Running Data Transformations

Modified on Wed, 6 Mar, 2024 at 1:21 AM

CTA orchestrates partner ETL via Google Cloud Composer, a Kubernetes-backed Airflow setup.

The process is as follows:

Step 1: Extract (CTA raw data)

1. 1. CTA uses several platforms to extract data and load it into BigQuery:
    1. Airbyte
    2. Google Cloud Composer Operators (native API calls against BigQuery and AWS APIs)
    3. Google Cloud BigQuery Data Transfer Service
  2. Once data is loaded, the DAG moves on to transformations. This data is housed in a CTA-owned production Google project.

Step 2: Transform 1 (CTA base tables)

CTA does any initial transformations of raw JSON or text-file-provided data. CTA base tables are again stored in CTA-owned production Google projects. And all of our dbt modeling for transform 1 and transform 2 (see below) can be found here: https://github.com/community-tech-alliance/dbt-cta

Step 3: Transform 2 (CTA-run partner materializations)

Once CTA base tables are in place, the DAG materializes datasets into partner projects. In this step, tables will appear in your Google Project. Generally, this is where our work stops for partners. Our standard procedure here is to materialize these as Materialized Views with a refresh that is triggered upon a successful base table update.

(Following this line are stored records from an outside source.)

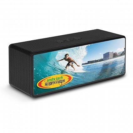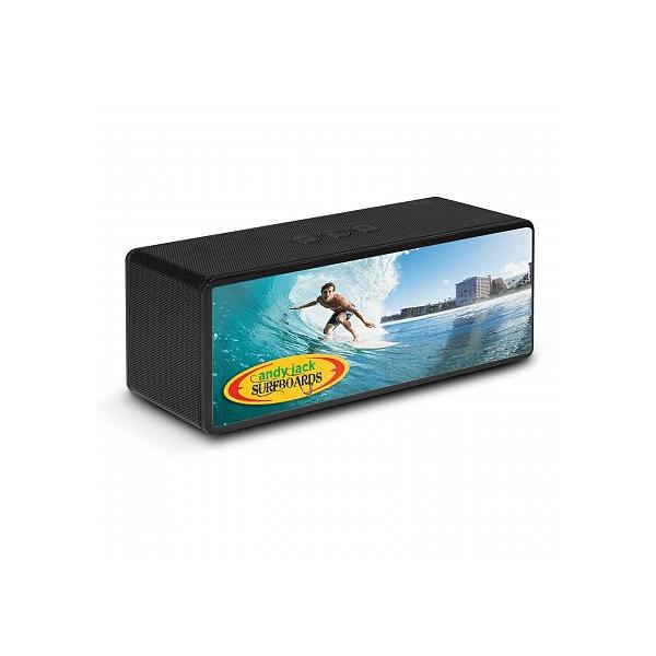 Superior Bluetooth speaker which produces exceptional crystal-clear stereo sound from a dual speaker array with a built in sub-woofer to enhance the bass reproduction. It is equipped with NFC technology (Near Field Communication) which allows compatible devices to pair with the speaker by placing them within proximity. Other features include a built-in microphone for phone and conference calls and music playback can be controlled directly from the speaker. Infinity is compatible with all mobile devices that support Bluetooth and has a wireless connectivity range of over 10 metres with the option to use an audio cable if required. Playing time is 6-8 hours and it is easily recharged from a laptop, a power bank or a USB mains adapter. The front and back panels are designed for spot colour or stunning full colour branding. It is beautifully presented in a gift box with a Micro-B USB cable, an audio cable and an instruction leaflet.
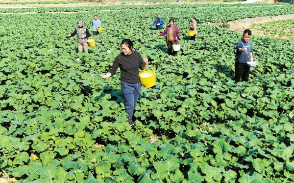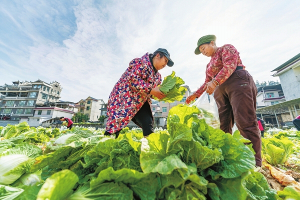 12月27日,吉首市石家冲街道曙光村蔬菜基地,村民在采收白菜。近年来,该村大力发展订单农业,实现集体经济与农户收入双提升。
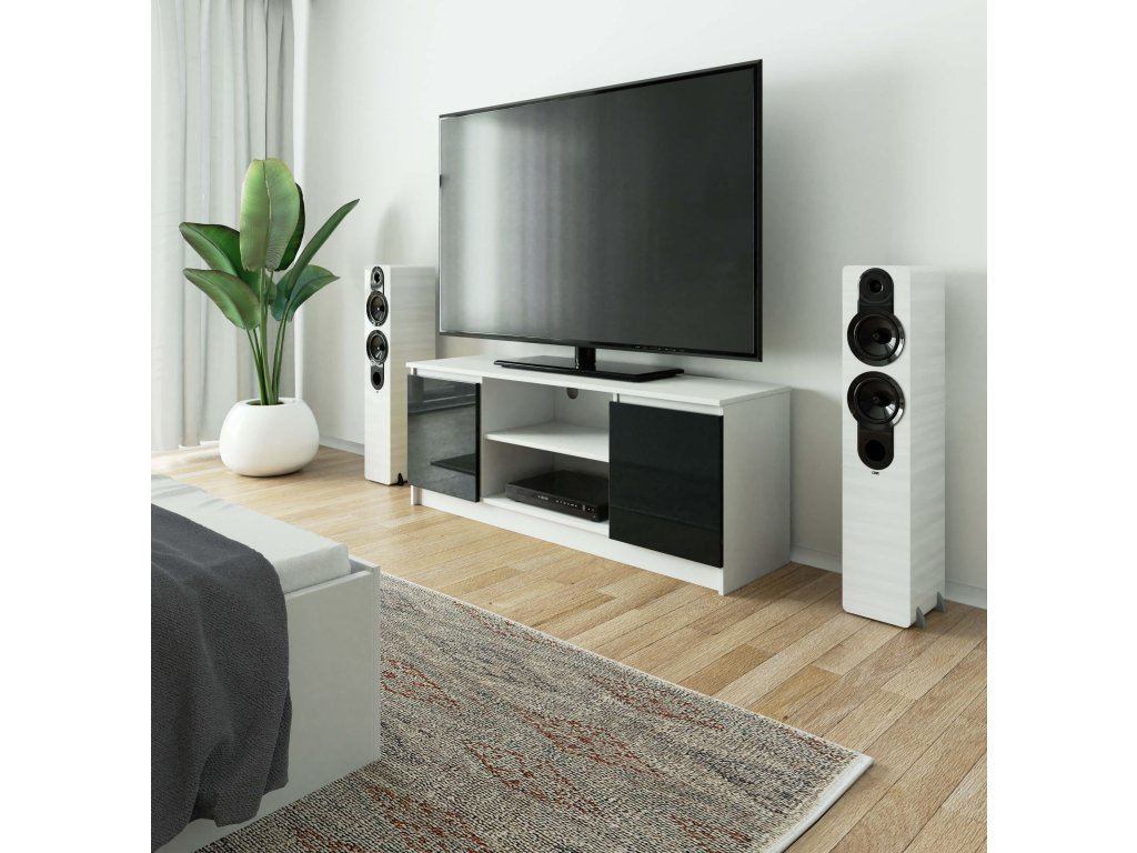 TV stolek ROMANA140 představuje perfektní spojení čistě bílé barvy s hlubokým grafitovým leskem. Tento designový kousek je ideálním doplňkem pro moderní obývací pokoje, kde hledáte elegantní, ale praktické řešení.
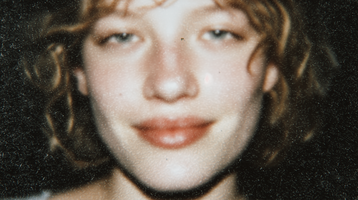 Close-up portrait with a vintage, grainy texture. Light brown curly hair, soft smile, and dark background create an artistic, nostalgic vibe.
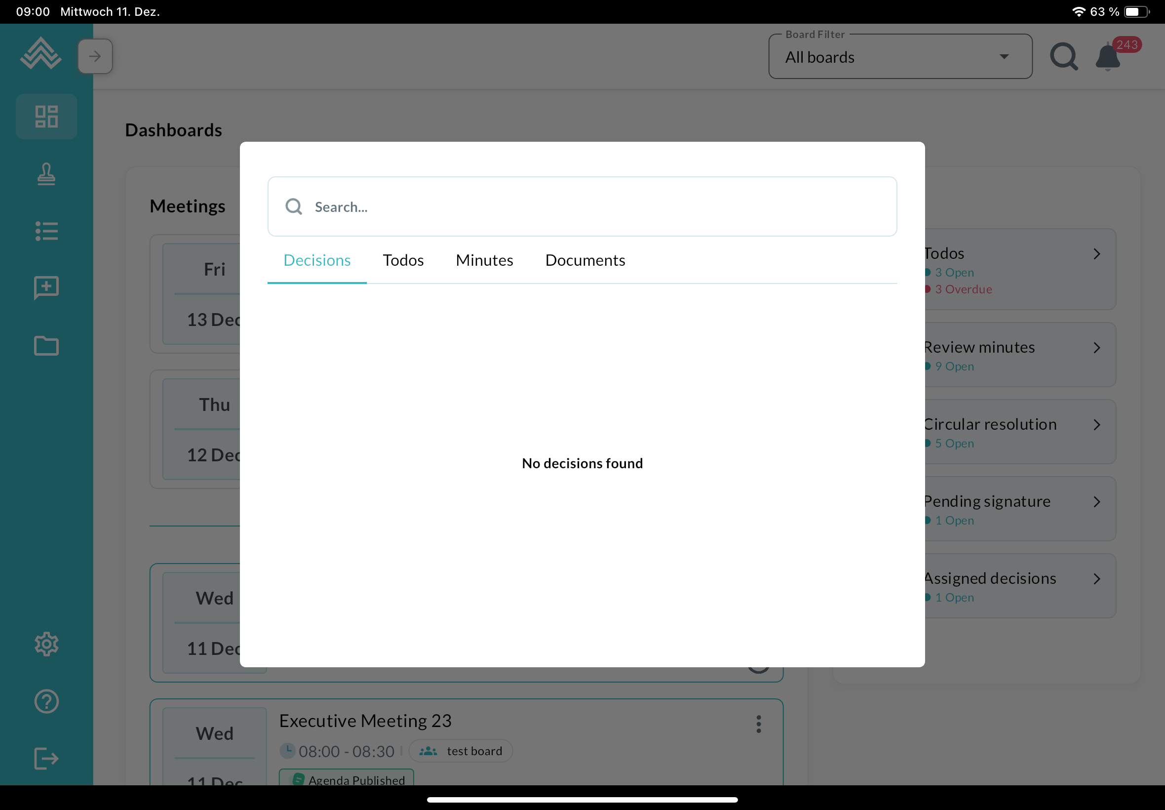 The search function works like in the web version – it shows results for decisions, to-dos, minutes, and documents separately:
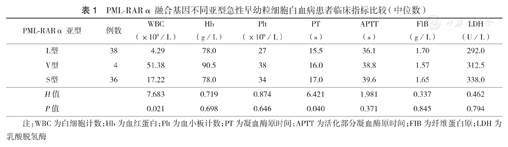 PML-RARα融合基因不同亚型急性早幼粒细胞白血病患者临床指标比较(中位数)
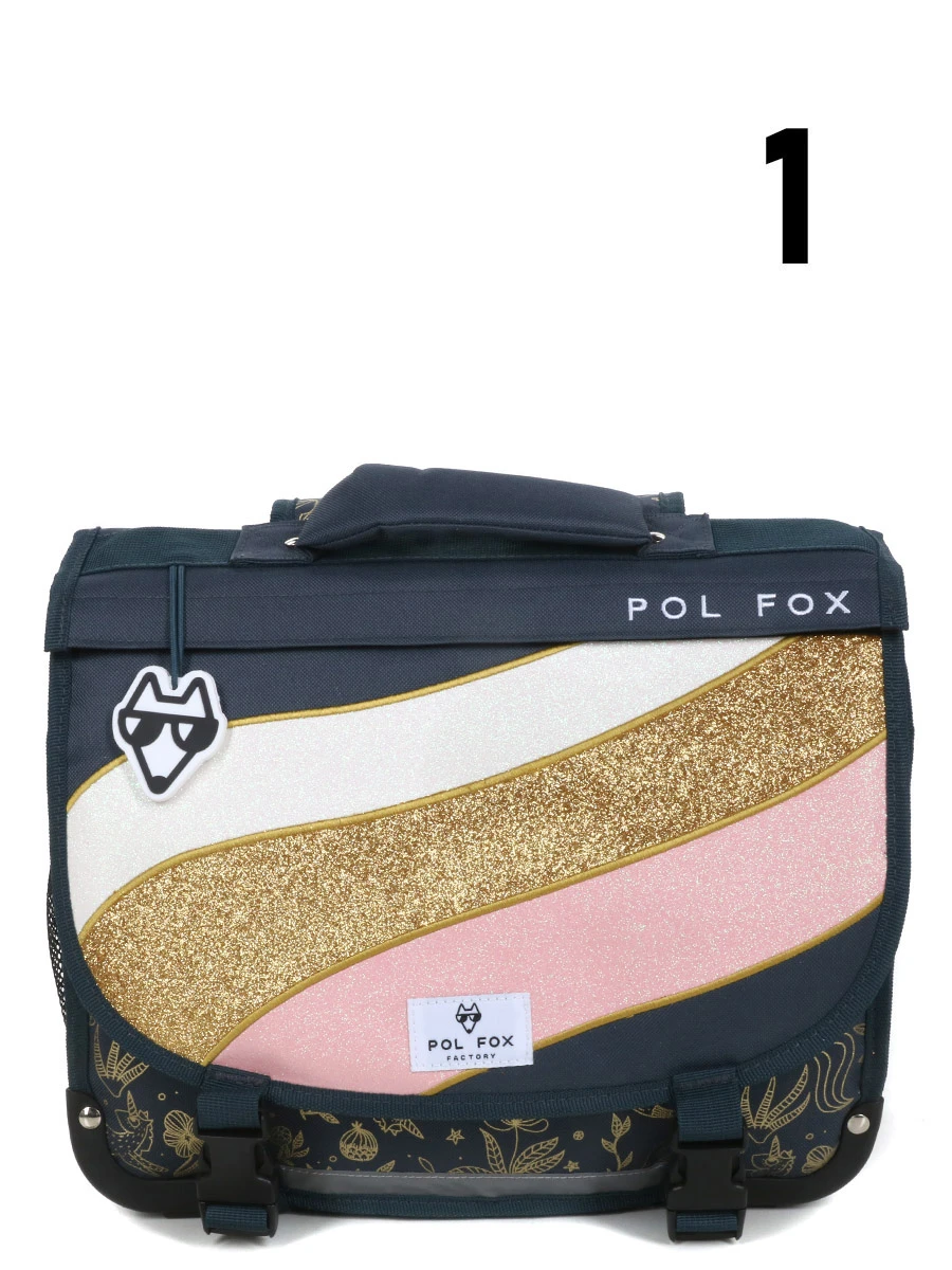 Le cartable Réversible Pol Fox Wonderland 35 cm est le cadeau idéal de rentrée en CP et CE1 pour les petites filles d’un naturel rêveur qui ne sont pas pressées de quitter le cocon familial. Evocateur d’histoires merveilleuses, il affiche un arc-en-ciel de couleurs tendres et de jolies licornes dorées galopant sur son fond bleu-vert. Ludique, le rabat à double face se retourne par un système de fixation à scratch. Sous son allure fantaisiste, le cartable fait preuve de sérieux en matière de fonctionnalité, d’ergonomie et de durabilité. Surtout, il ne néglige pas la sécurité, grâce à ses détails réfléchissants.

Step 4: Downstream transformations (Partner materializations)

Further downstream analysis and transformations are the responsibility of partners. There are various options based on product use cases, cost, team specialization, and skillsets. We will discuss them more in-depth below.

Partner Materializations

CTA makes a few different recommendations for partners who wish to run downstream materializations or automate data transformations, ordered by the level of effort from low to high:

CTA runs your materializations - The out-of-the-box solution is for CTA to run your dbt materializations alongside our two other steps. To hook into our process, you’d simply check your changes into Git and then push them up. From there, we’d automate the process of syncing your changes and running them. This could be set up in various ways, but the basic flow could be:

dbt is run locally on machines development and testing
PR is open, and once merged in, GitHub Actions deploys changes for our DAG to pick up. From there, we run the DAG and make available to you a centralized logging interface to see the output of the runs.

Scheduled Queries - BigQuery offers out-of-the-box scheduling for SQL queries. You can schedule queries through the Google Cloud Console, BigQuery CLI tool, or through Google’s SDKs. Scheduled Queries use BigQuery’s native parameterization, so you can include date strings and other values in your queries. Additionally, you can schedule queries as a service account instead of as yourself, so that queries run with a single user that has access to all of the resources it needs. Scheduled queries are best for basic transformations that benefit from little to no templating outside of ensuring correct incrementality. CTA can also assist in adding automation to your local development workflows so that users can write, commit, and see new scheduled queries launch, or, instead use the Cloud Console UI.

Google Dataform - Dataform is a new tool from Google that directly competes with dbt. It is built into BigQuery’s Cloud Console UI and allows for full SQL workflow support, with added support for custom JavaScript functions for those who want a more expressive language in which to write workflows. It additionally supports version control, allows scheduling (and trigger-based executions), and is free. You only pay for the analysis and storage cost associated with the BigQuery usage and any costs associated with more advanced scheduling functionality (see Google Workflows below).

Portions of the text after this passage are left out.